King Abdullah University of Science & Technology (KAUST)
image: A new KAUST-developed workflow helps researchers efficiently test and validate the assumptions underlying complex statistical models to ensure more reliable results. © 2025 KAUST
Credit: © 2025 KAUST
A three-step model checking workflow has the potential to revolutionize how researchers evaluate the suitability of their statistical models for specific datasets. Developed by KAUST, the workflow is a computationally efficient alternative to existing model diagnostics that will give researchers more confidence in model selection[1].
“When we build statistical models to analyze complex datasets, such as climate or biomedical data, we inevitably make assumptions about the underlying statistical distributions, dependencies, and how things change over space and time,” says Rafael Cabral from the research team. “But two crucial questions are often overlooked: ‘Are my model assumptions reasonable?’ and ‘If I change these assumptions, how much would that affect the final results such as predictions or decisions?’ We have developed a principles-based way to answer those questions.”

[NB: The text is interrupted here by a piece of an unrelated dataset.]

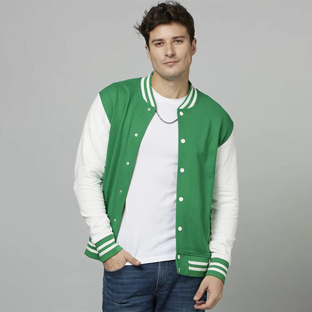 Venta al por mayor logotipo personalizado de lana Varsity Vintage en blanco chaquetas de manga de cuero para los hombres

Modern statistical models often contain multiple layers and include hidden components that cannot be directly observed. Existing model-checking tools focus only on the top observable layer, and whether the model has a reasonable fit to the observed data. However, fit alone does not reveal whether the underlying structural assumptions – such as a ‘bell-curve’ Gaussian versus a skewed non-Gaussian distribution – are correct for the given dataset.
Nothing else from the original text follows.